At first this text was written in the form of a commentary on the topic of the winner of this competition . But in the end, the volume of the text became so large that it was decided to allocate it into a separate topic. So it is assumed that the reader is aware of the contest and read the topic of the winner. You can also read the history of the 30th place .
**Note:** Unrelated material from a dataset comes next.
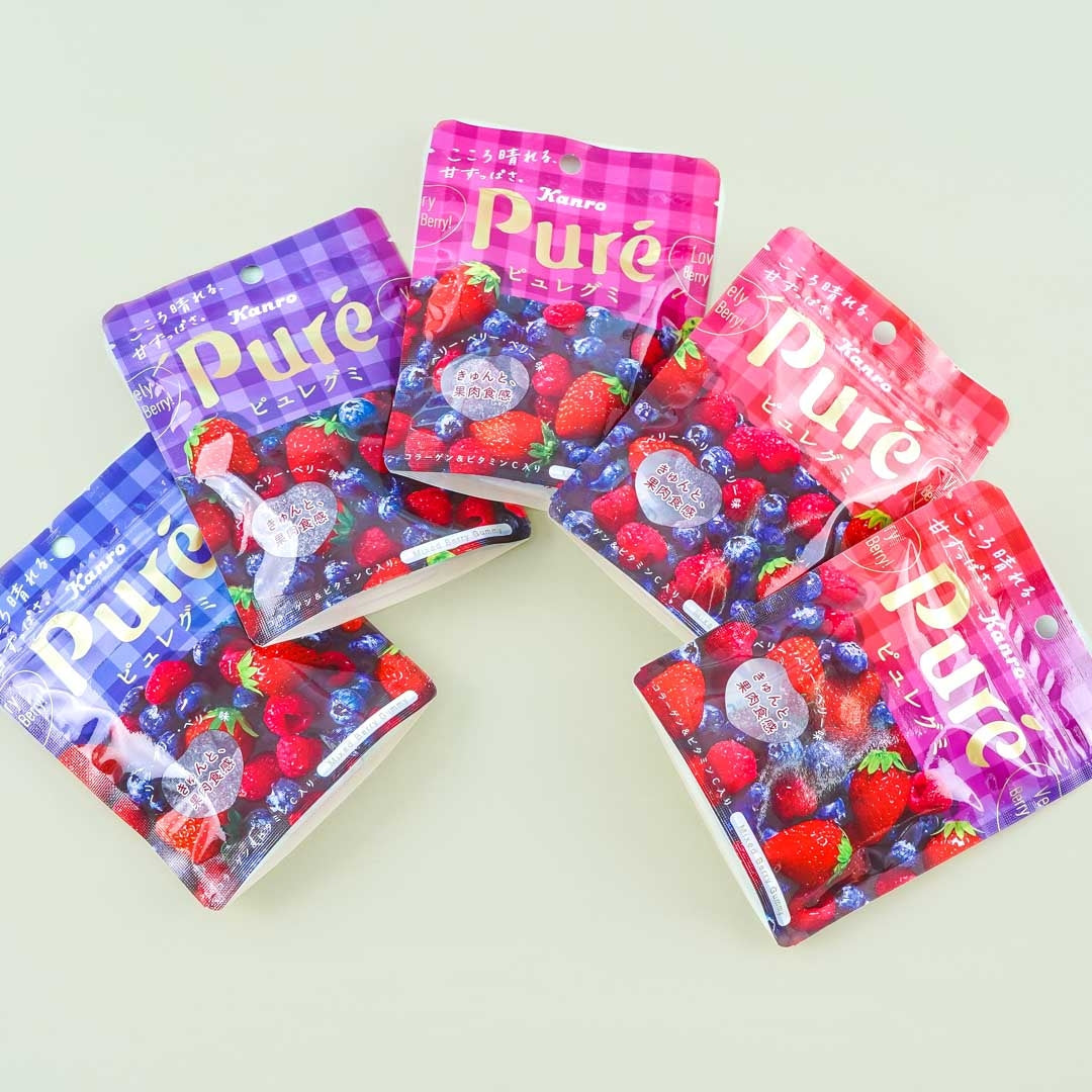 Let your mouth twitch over these tangy gummies that are flavored with a mix of blueberry, strawberry, and raspberry — and are generously coated with sour powder! Each heart-shaped piece has a pink and a purple-colored half. You’ll get random resealable packaging with a plaid design out of five colors when you order.

Immediately I will give a link to the source code repository - in addition to the source code itself, there is also the whole history of commits. For example, the time at which a commit was made with the comment “it's time to sleep” may seem interesting.
')
In general, it seemed that most of the leaders had approximately the same basic ideas for the final strategy:

Finding a path on a map between waypoints
Simulation of motion, collisions, and other physics
Enumerate different actions that lead to different paths from the current position to the future.
Choosing the best action or trajectory based on some evaluation function

So in this topic I will tell you a little more about how these ideas were implemented in my case.

Finding the way

I looked at the task of finding a way a little more broadly than it might seem. I wanted to make such a data structure and algorithm so that I could quickly find out the answer to a question of the following form: “if I am at the point X, Y and my next waypoint N, then how much time is left for the next waypoint?”. Such a requirement came from the fact that such requests will come from the "pereborshchik" several thousand times during one decision-making in order to evaluate the trajectories obtained.
The first version worked simply by finding a path from an arbitrary cell, where the point XY fell to the next waypoint, and as a response gave the length of the path. At the same time, for the relative location of the XY point inside the cell, a certain bonus was also given to make the evaluation a little more like a continuous one.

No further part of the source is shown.